On the Minister's request advice can be given on the sale of assets by the debt agency. That is a new departure in the sense that the sale of assets did not figure very highly in Government policy until recently. I wonder how that interrelates and interconnects with the request by the Minister to the financial sector to provide him with advice on the possible restructuring of the Industrial Credit Corporation, and with the Government's intent now to restructure the capital of Irish Life and to sell off a part of the Irish Life shareholding. Will the new agency have a function in these two areas? Does the Minister intend to involve the new agency in an advisory role on the sale of Irish Life or in the restructuring of the ICC, or is he simply thinking about selling off fixed assets such as property or land in the possession of the State or of its agencies? However, it indicates a certain direction in Government policy that this is included in the Bill. If we are to have a debt management agency it is a legitimate role for that agency. I see nothing at all wrong with that.

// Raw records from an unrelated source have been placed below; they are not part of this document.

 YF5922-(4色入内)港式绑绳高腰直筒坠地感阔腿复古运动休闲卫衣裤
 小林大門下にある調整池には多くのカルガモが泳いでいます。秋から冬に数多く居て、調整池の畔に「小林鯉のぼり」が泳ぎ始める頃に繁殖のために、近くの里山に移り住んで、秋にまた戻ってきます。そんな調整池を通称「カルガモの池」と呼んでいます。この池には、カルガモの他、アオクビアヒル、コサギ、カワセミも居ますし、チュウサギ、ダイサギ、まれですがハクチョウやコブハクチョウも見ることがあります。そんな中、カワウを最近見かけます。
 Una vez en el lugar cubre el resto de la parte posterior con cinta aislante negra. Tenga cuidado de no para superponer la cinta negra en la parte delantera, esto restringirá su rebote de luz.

I notice that the staff complement will be decided by the agency. That is a fair departure from the practice of the last ten years. No embargo will apply to the agency, rightly so, but should the agency have the authority to decide their own numbers with no reference to the Minister for Finance who is also Minister for the Public Service? That seems a very wide departure from the practice which has pertained up to now. It is not as if the agency will be trading commercially or will be in a position to pay staff out of their profits. In the final analysis they will be a non-commercial State agency on the State model.

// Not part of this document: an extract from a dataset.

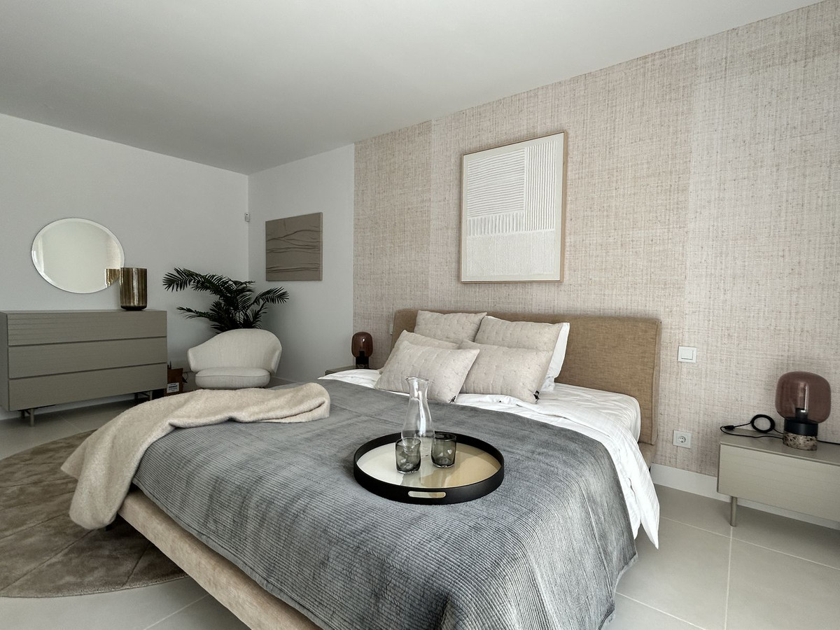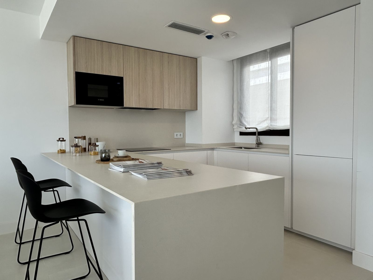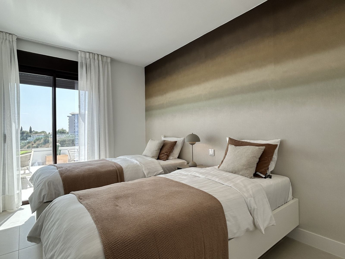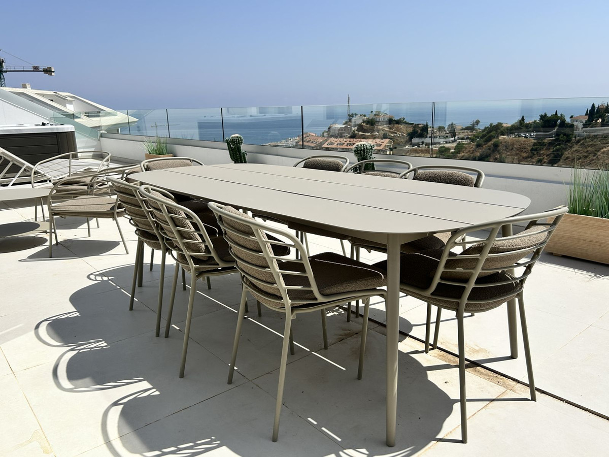 New exclusive 3-bedroom penthouse for sale with panoramic sea views and a south-facing location to enjoy sunlight, privacy, and uninterrupted views all day long. Located in the exclusive residential area of Higuerón, Fuengirola, it offers over 100,000 m² of gardens, several outdoor pools, a solarium, a jacuzzi, and a children's area; a true Mediterranean paradise in full expansion, surrounded by nature and perfectly connected. The property comes fully furnished with high-end designer pieces and a comprehensive interior design project by Ikonia Ilusion&Arte, combining selected furniture, lighting, and contemporary tones to maximize the feeling of spaciousness. The living room and kitchen share an open space that extends onto the spacious terrace through large, high-performance sliding windows, creating a seamless connection between the interior and exterior. Its features include an air-source heat pump system for heating and cooling, underfloor heating in bathrooms, aluminum/PVC exterior carpentry with double thermoacoustic and security glazing, and pre-installed motorized blinds in the bedrooms and living room. The home incorporates home automation with smoke and water leak detection, TV sockets in the living room, bedrooms, and terrace, and Jung mechanisms. The kitchen, equipped with wall and base units, a Silestone countertop, and paneled appliances with an A-grade energy efficiency rating, includes a stovetop, oven, microwave, hood, refrigerator, dishwasher, and washer-dryer. The bathrooms feature wall-hung toilets, extra-flat shower trays with screens, and, in the master bathroom, a double sink with integrated cabinetry. Large-format porcelain flooring extends throughout the home. 2.10 m interior doors, clad built-in wardrobes, and glass railings on the terraces provide elegance and security. The complex emphasizes sustainability with thermal insulation and pre-installation for an electric vehicle charger. Two parking spaces are included, and a storage room is available subject to availability. A turnkey option to experience the Mediterranean from day one and make a high-value investment in a premium location. The buyer is exempt from agency fees. Expenses arising from the purchase process, such as notary fees, registration fees, or transfer taxes, are not included in the price.

Some of the details of the structures are quite unusual. I would like the Minister to reply in detail on three points. First, how does he think the agency will interrelate with his Department in so far as on the one hand he will be advised by the agency on the management of the national debt and on the other hand he will be advised on all policy issues which will be vital to the national debt by other officials of his Department? What organisational mechanism has he in mind to gel the two sets of advice? Secondly, can he justify the savings shown? Thirdly, will he comment on the unusual freedom being given to the agency in the matter of pay, conditions and number of employees which the Bill envisages? Finally, I would like him in his reply to give some information on the First Schedule where the functions of the Minister which may be delegated to the agency are enumerated by reference to sections of Acts right back through the years. I do not want the trouble of having to go to the Library and search them out when I am sure he has the information to hand. He must have if he reads it into the record.